Lijst van vragen en antwoorden over het Jaarverslag Koninkrijksrelaties en het BES fonds 2020
Jaarverslag en slotwet Koninkrijksrelaties en het BES-fonds 2020
Lijst van vragen en antwoorden
Nummer: 2021D22364, datum: 2021-06-10, bijgewerkt: 2024-02-19 10:56, versie: 3
Directe link naar document (.pdf), link naar pagina op de Tweede Kamer site, officiële HTML versie (kst-35830-IV-6).
Gerelateerde personen:- Eerste ondertekenaar: J.M. Paternotte, voorzitter van de vaste commissie voor Koninkrijksrelaties (D66)
- Mede ondertekenaar: T.N.J. de Lange, griffier
Onderdeel van kamerstukdossier 35830 IV-6 Jaarverslag en slotwet Koninkrijksrelaties en het BES-fonds 2020 .
Onderdeel van zaak 2021Z10192:
- Indiener: K.H. Ollongren, minister van Binnenlandse Zaken en Koninkrijksrelaties
- Voortouwcommissie: vaste commissie voor Koninkrijksrelaties
- 2021-06-16 14:59: Aansluitend aan de Stemming: Regeling van werkzaamheden (Regeling van werkzaamheden), TK
- 2021-07-07 13:00: Procedurevergadering (Procedurevergadering), vaste commissie voor Koninkrijksrelaties
- 2022-09-06 15:20: Regeling van werkzaamheden (Regeling van werkzaamheden), TK
Preview document (🔗 origineel)
Tweede Kamer der Staten-Generaal | 2 |
Vergaderjaar 2020-2021 |
35 830 IV Jaarverslag en slotwet Koninkrijksrelaties en het BES-fonds 2020
Nr. 6 LIJST VAN VRAGEN EN ANTWOORDEN
Vastgesteld 10 juni 2021
De vaste commissie voor Koninkrijksrelaties heeft een aantal vragen voorgelegd aan de Minister van Binnenlandse Zaken en Koninkrijksrelaties over de brief van 19 mei 2021 inzake het Jaarverslag Koninkrijksrelaties en het BES fonds 2020 (Kamerstuk 35 830 IV, nr. 1).
De Minister heeft deze vragen beantwoord bij brief van 8 juni 2021. Vragen en antwoorden zijn hierna afgedrukt.

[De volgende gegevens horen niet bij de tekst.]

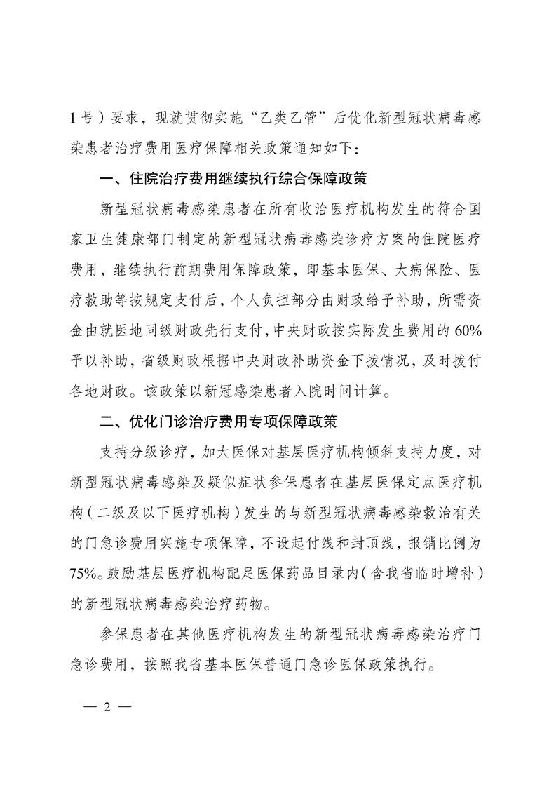 转发关于贯彻实施“乙类乙管”后优化新型冠状病毒感染患者治疗费用医疗保障相关政策的通知
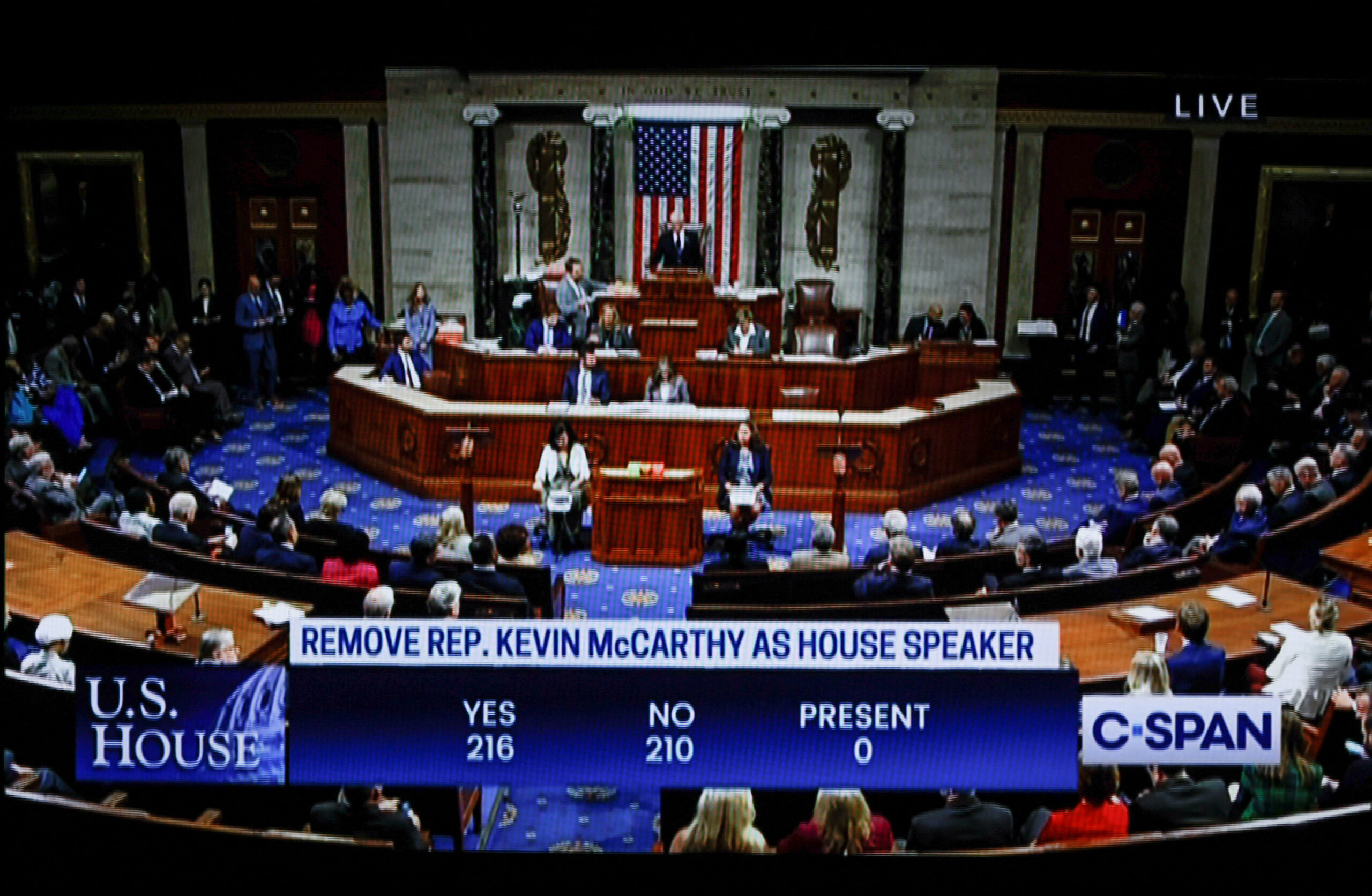 Η Βουλή των Αντιπροσώπων των ΗΠΑ, για πρώτη φορά στην ιστορία της, ψήφισε υπέρ της καθαίρεσης του επικεφαλής της, Κέβιν Μακάρθι.

De fungerend voorzitter van de commissie,
Paternotte
De griffier van de commissie,
De Lange
1
Vraag:
Wat is de stand van zaken met betrekking tot de voorwaarde voor liquiditeitssteun ten aanzien van de arbeidsvoorwaarden van politieke ambtsdragers en werknemers in de (semi) publieke sector? Hoe past het verhogen van de salarissen van statenleden op Curaçao daarin (Salarissen politici in de Staten (antilliaansdagblad.com)?
Antwoord:
Curaçao
Curaçao heeft de 12,5% korting op de arbeidsvoorwaarden van de ambtenaren doorgevoerd, de wetgeving waarin dit wordt geregeld is door het parlement goedgekeurd. De 25% korting op de arbeidsvoorwaarden van de Ministers en statenleden op Curaçao is doorgevoerd, maar de hiervoor opgestelde wetgeving die moet voorzien in de juridische grondslag is nog niet goedgekeurd door het parlement. Ook de wetgeving die voorziet in de 12,5% korting op de arbeidsvoorwaarden van aan de overheid gelieerde entiteiten moet nog door het parlement worden goedgekeurd. Aangezien genoemde wetgeving al geruime tijd goedgekeurd had moeten zijn, heeft de RMR op 26 maart besloten dat Curaçao pas weer in aanmerking komt voor liquiditeitssteun als de wetgeving is vastgesteld en in werking is getreden.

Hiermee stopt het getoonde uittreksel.